Spenser is a six-year-old Cardigan Welsh Corgi with a history of digestive problems. His owner is Diana Thompson of Fulton, California. Following Spenser’s attack of acute pancreatitis last December, Thompson’s veterinarian tried feeding Spenser Hill’s prescription canned i/d, but Spenser would not even try the food, and the vet didn’t know what else to offer him. Here is Thompson’s account of what she found worked for her dog:

While Spenser was hospitalized, with my vet’s approval, I offered him homemade dilute chicken broth, followed by slushy steamed potatoes mixed with a broth made from lean ground sirloin beef. Next I gave him some low-fat yogurt, then bits of boiled chicken breast. I fed him a couple of tablespoons of food several times a day.
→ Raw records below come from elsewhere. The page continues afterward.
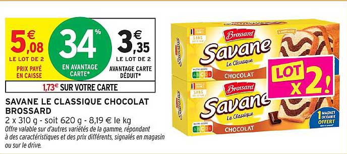 Découvrez dès maintenant la offre SAVANE LE CLASSIQUE CHOCOLAT BROSSARD dans le catalogue de Intermarché. Cette offre est valable du 14/10/2025 au 26/10/2025.
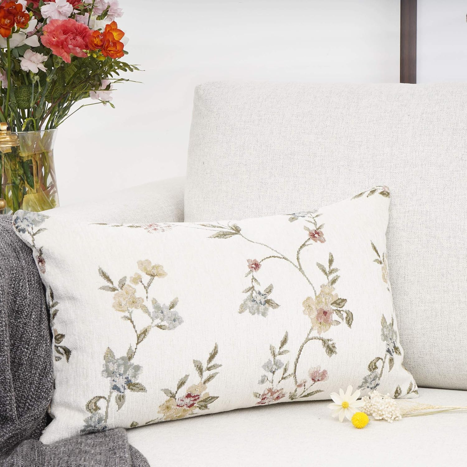 YOUR SMILE Classical Embroidery Jacquard Farmhouse Oblong Rectangle Chenille Beige Floral Pattern Decorative Throw Pillow Case,12x20 inch
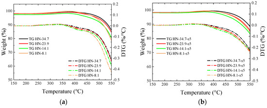 The weight loss of NMG is greater than that of the HN samples. Compared with anthracite, the chemical structures of bituminous coal have a higher degree of disorder, more bridge bonds, and more functional groups, resulting in a more active chemical reactivity. It is worth noting that the mass loss of NMG–gy5 and HN–gy5 is smaller than that of NMG–s5 and HN–s5, respectively. The reasons for this will be outlined later in this paper.
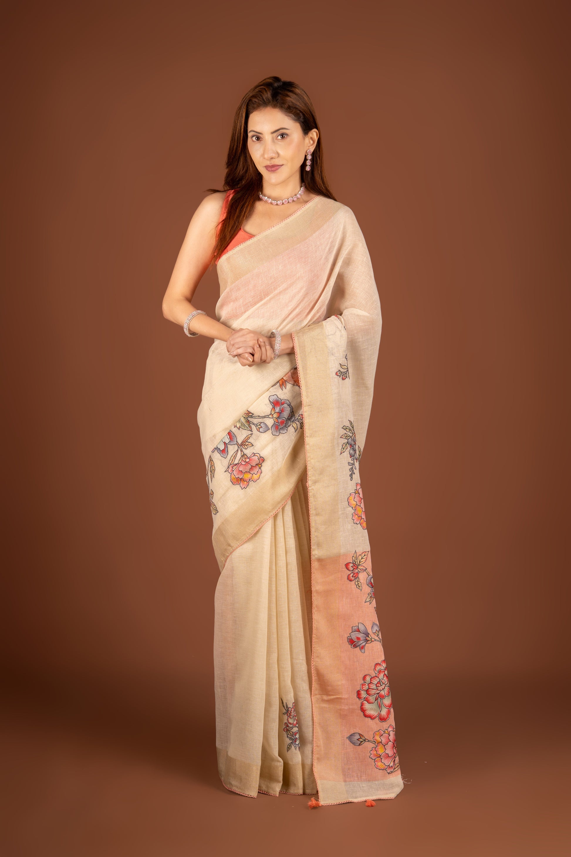 Celebrate culture and grace in this unique Cream Silk Jute Saree. Designed in fine fabric, it captures the essence of festive dressing. The perfect attire for ceremonies, pujas, or elegant nights out. Wear it with minimalist jewellery to let the saree shine.

Once Spenser came home from the hospital, he ate five or six small meals a day. Meals consisted of slushy potatoes, boiled chicken breast, and yogurt, a little less than ½ cup at a time. I also offered him ½ cup of diluted homemade chicken broth (25 percent broth, 75 percent water) every hour, as he wouldn’t drink plain water. The broth was made from the water I used to boil his chicken breast, with fat skimmed off.

I continued to feed small, frequent meals for the next few weeks, slowly increasing the size and decreasing the number of meals, until he was eating three meals a day. Five weeks after the attack, his blood tests were back to normal.

Today, Spenser continues to get three meals a day (even prior to the pancreatitis, he did better with more than two meals a day). For breakfast, I usually feed him 1 cup (4 oz) of cooked rice mixed with ½ cup (2 oz) ground round beef, cooked in a skillet. About one meal in five I will either substitute baked potato with skin removed for the rice, or combine rice or potato with two small scrambled eggs (2¼ oz) in place of the beef.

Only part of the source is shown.